**Your instructions**
Every line from the one containing "bowl of Massaman" to the one containing "When open, the" in the records below, both included, must be set down exactly, and no other line.

**Data for the task**
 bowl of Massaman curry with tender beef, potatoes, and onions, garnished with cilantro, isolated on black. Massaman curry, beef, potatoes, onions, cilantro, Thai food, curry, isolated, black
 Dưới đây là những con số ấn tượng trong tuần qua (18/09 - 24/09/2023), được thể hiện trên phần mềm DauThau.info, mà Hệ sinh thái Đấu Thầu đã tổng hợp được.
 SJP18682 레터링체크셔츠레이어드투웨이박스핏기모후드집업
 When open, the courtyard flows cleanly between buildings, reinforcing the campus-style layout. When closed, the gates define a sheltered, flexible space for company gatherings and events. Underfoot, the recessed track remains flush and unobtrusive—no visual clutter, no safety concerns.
---
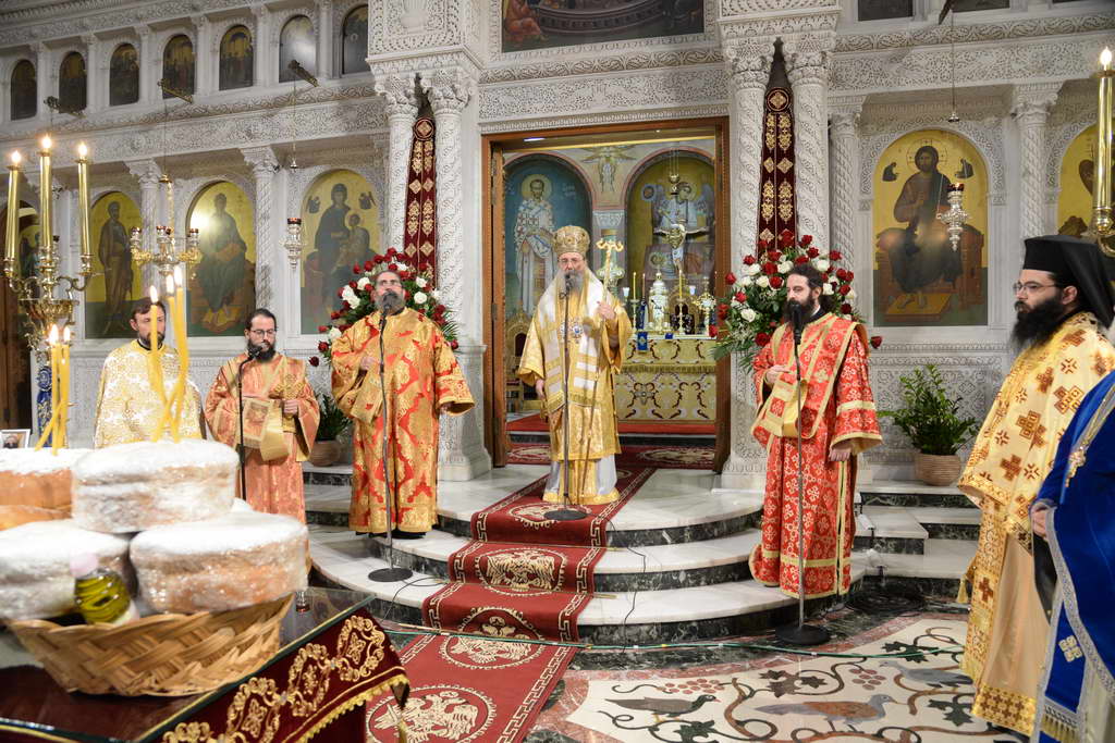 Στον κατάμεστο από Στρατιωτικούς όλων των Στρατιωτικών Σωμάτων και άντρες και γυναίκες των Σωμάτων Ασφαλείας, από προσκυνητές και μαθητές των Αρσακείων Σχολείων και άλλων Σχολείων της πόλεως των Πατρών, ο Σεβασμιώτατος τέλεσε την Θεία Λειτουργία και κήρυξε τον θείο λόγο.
==
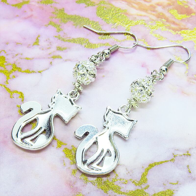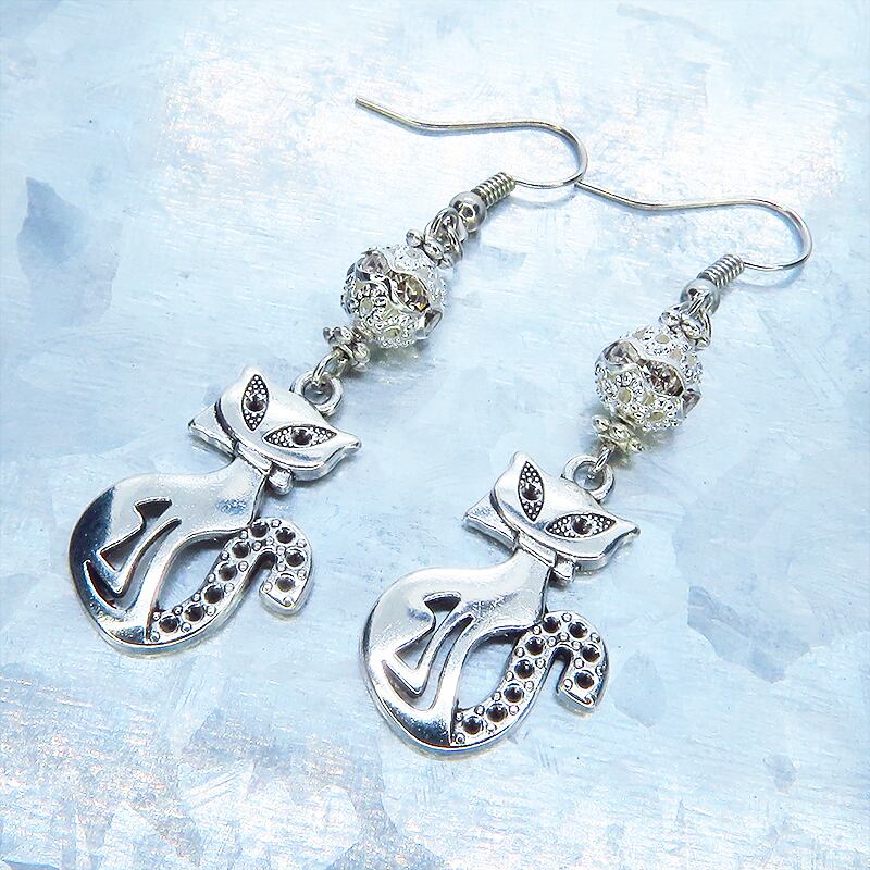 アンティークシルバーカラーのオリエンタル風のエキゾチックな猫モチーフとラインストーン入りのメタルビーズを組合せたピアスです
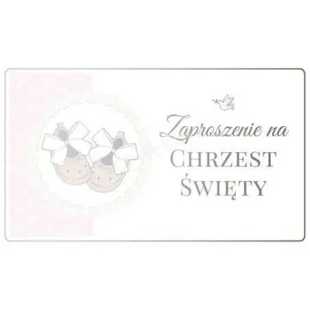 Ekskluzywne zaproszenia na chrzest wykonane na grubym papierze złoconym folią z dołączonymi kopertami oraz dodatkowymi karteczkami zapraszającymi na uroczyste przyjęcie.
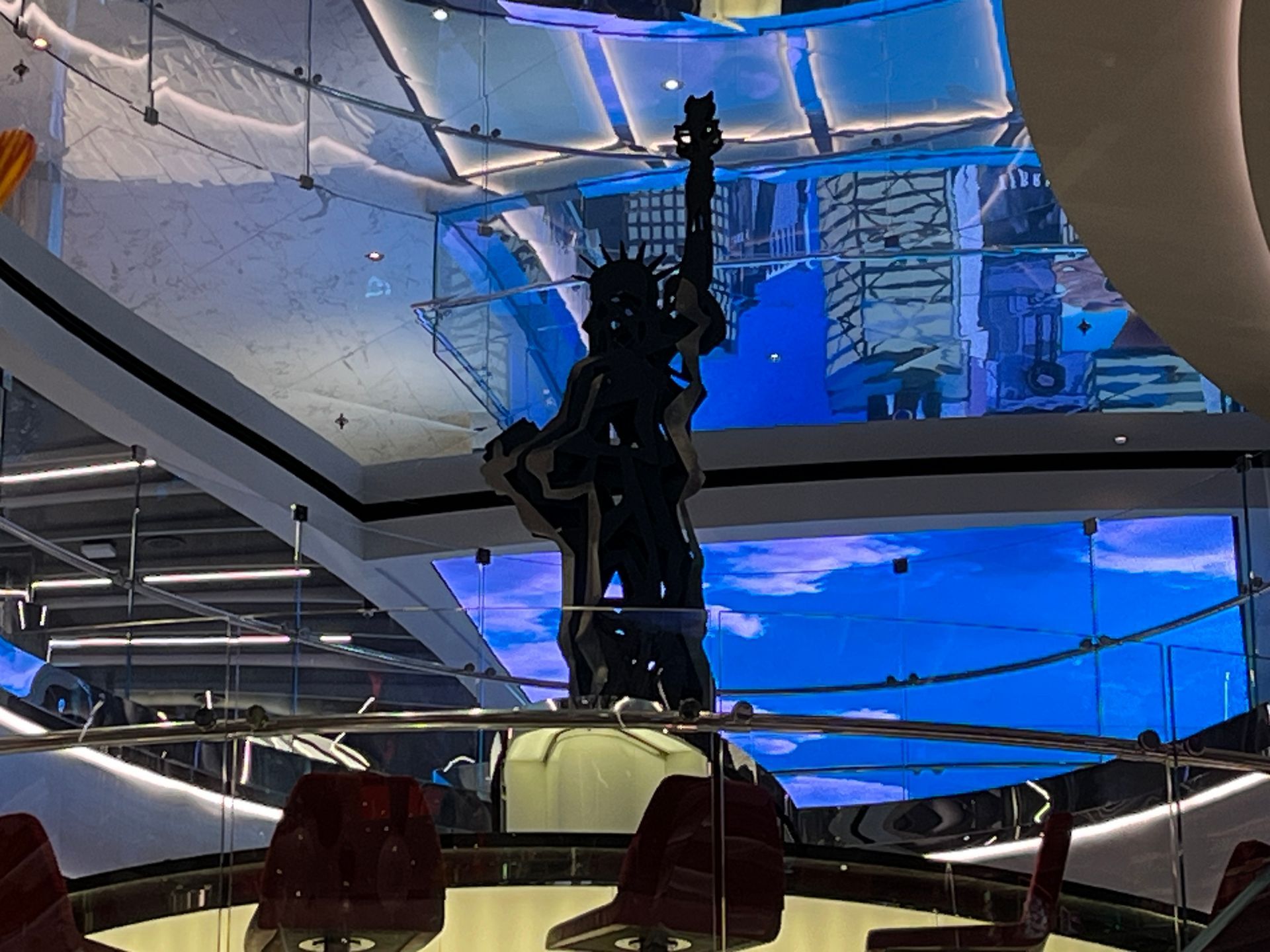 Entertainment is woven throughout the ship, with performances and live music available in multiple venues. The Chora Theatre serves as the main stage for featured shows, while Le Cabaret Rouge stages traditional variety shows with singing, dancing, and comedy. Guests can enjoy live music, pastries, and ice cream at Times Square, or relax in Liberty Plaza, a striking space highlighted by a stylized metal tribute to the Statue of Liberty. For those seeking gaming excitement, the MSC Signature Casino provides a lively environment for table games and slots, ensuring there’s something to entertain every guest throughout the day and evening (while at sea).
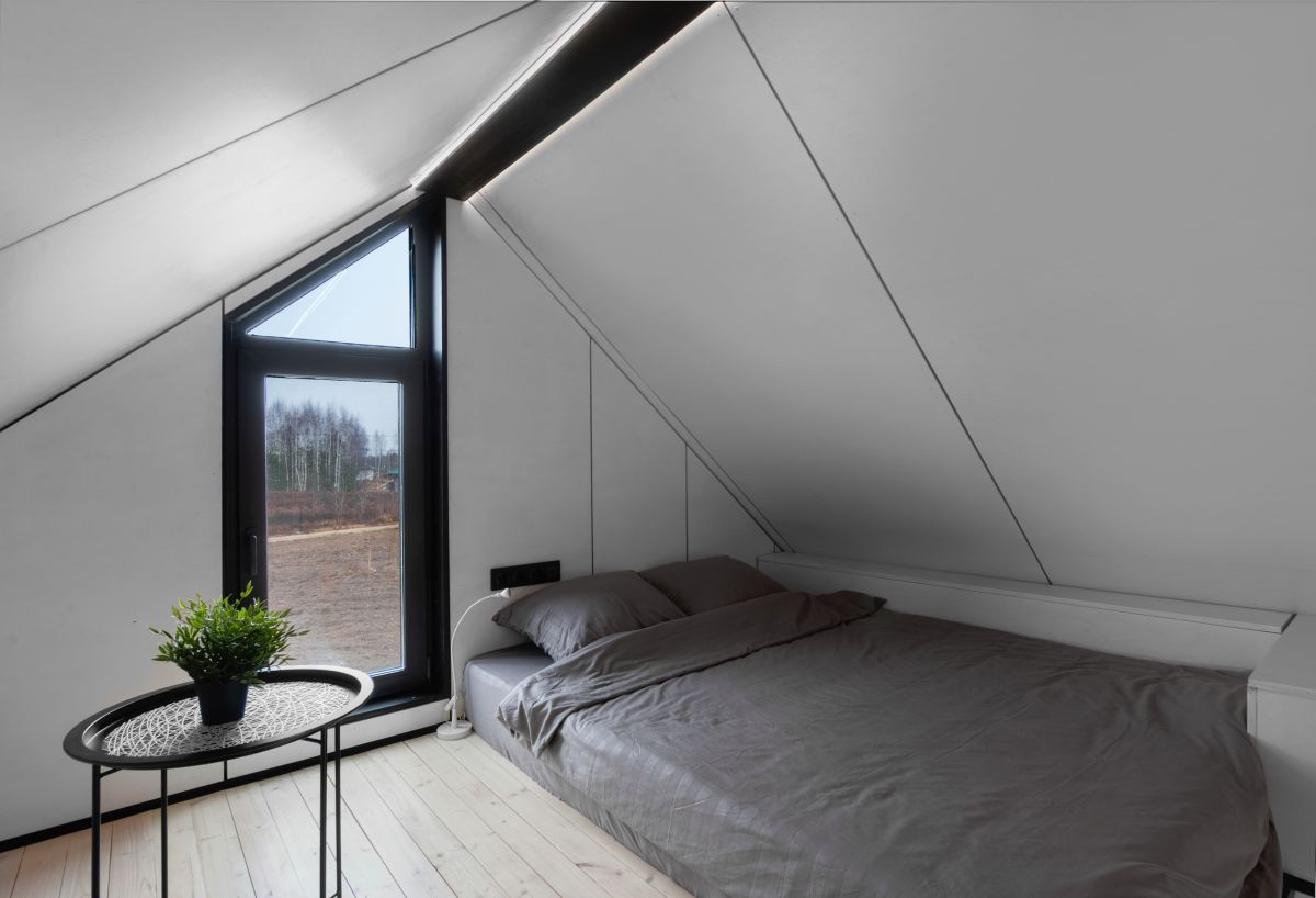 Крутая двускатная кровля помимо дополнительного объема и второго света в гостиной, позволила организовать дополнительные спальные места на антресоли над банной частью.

**Answer area**
 bowl of Massaman curry with tender beef, potatoes, and onions, garnished with cilantro, isolated on black. Massaman curry, beef, potatoes, onions, cilantro, Thai food, curry, isolated, black
 Dưới đây là những con số ấn tượng trong tuần qua (18/09 - 24/09/2023), được thể hiện trên phần mềm DauThau.info, mà Hệ sinh thái Đấu Thầu đã tổng hợp được.
 SJP18682 레터링체크셔츠레이어드투웨이박스핏기모후드집업
 When open, the courtyard flows cleanly between buildings, reinforcing the campus-style layout. When closed, the gates define a sheltered, flexible space for company gatherings and events. Underfoot, the recessed track remains flush and unobtrusive—no visual clutter, no safety concerns.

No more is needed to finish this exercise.